Şu anda bilinen en büyük yıldız UY Scuti
Yıldızların Yaşam Döngüsü Bulutsu Uzayda bulunan sıcak gaz ve toz bulutlarıdır. Uzayda ekseni etrafında dönen, gaz ve tozlardan oluşmuş tüm yıldızların doğum yeri olan gök cismine bulutsulardır. Kelebek bulutsusu, orion bulutsusu, tarantula bulutsusu, atbaşı bulutsusu bulutsulara örnektir. Bulutsuları görünen şekillerine göre bazı çeşitleri vardır.

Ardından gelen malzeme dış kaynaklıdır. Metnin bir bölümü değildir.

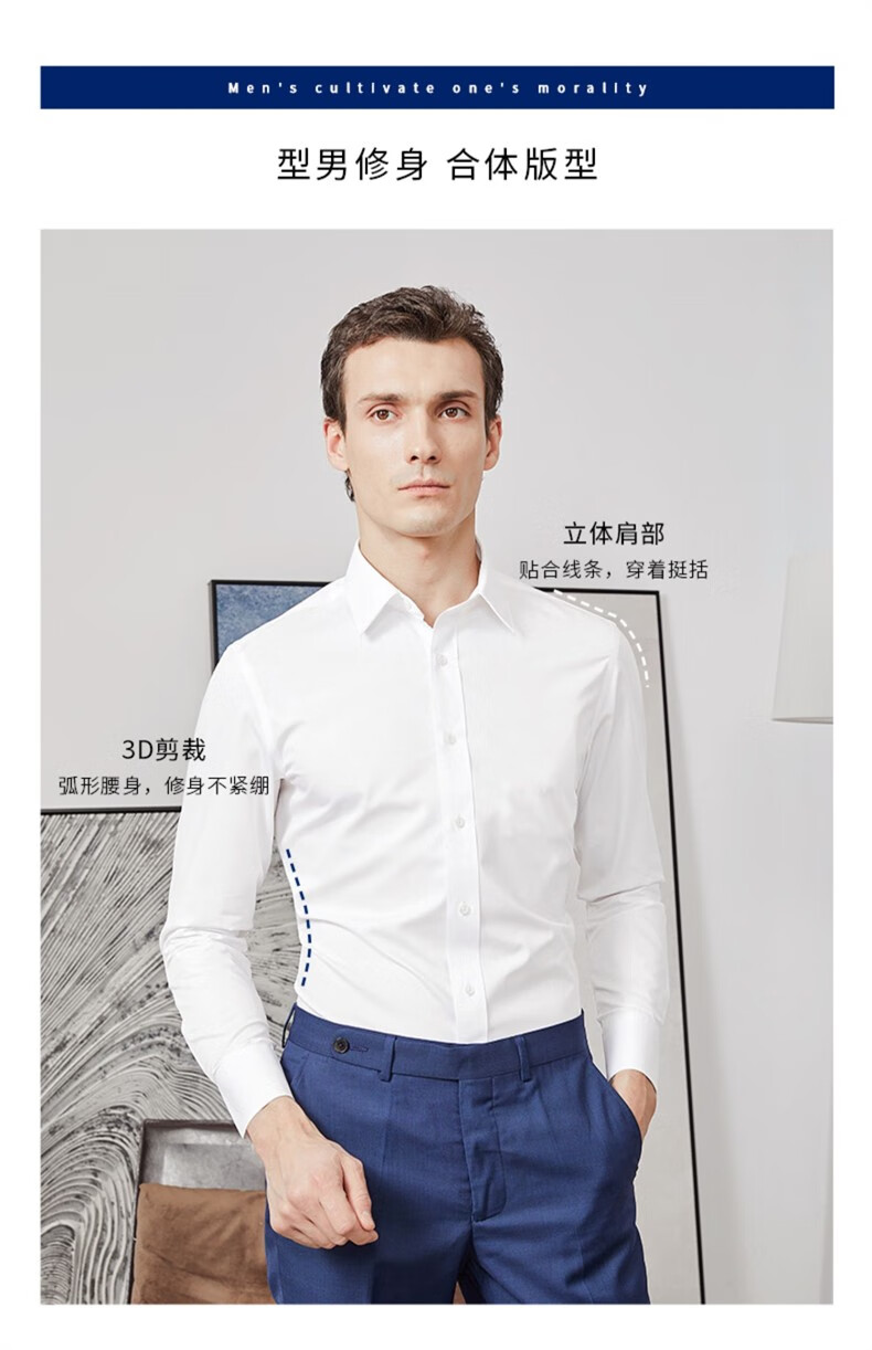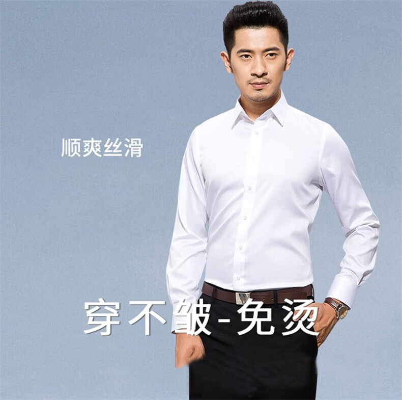 Мужская рубашка против морщин с длинными рукавами и длинными рукавами, деловая повседневная рубашка Woodpecker, профессиональная черно-белая мужская рубашка, белый плюс бархат, 2XL

Salma Bulutsu: Yapısındaki hidrojen elementinin verdiği salma çizgileri olan bulutsu Karanlık Bulutsu: Çok yoğun olması nedeniyle içerisinden ve arkasından hiç ışık geçirmeyen Yansıma Bulutsu: yakınlarında bulunan yıldızdan aldığı ışıkla aydınlanan Gezegenimsi Bulutsu: Dış katmanlarını uzaya saçarak merkezinde sıcak bir beyaz cüce bırakan Süpernova Kalıntıları Bulutsu: Büyük kütleli yıldızların ömürlerinin sonunda şiddetli bir süpernova patlaması sonucu katmanlarını uzaya saçtığı dağınık yapıdaki bulutsu.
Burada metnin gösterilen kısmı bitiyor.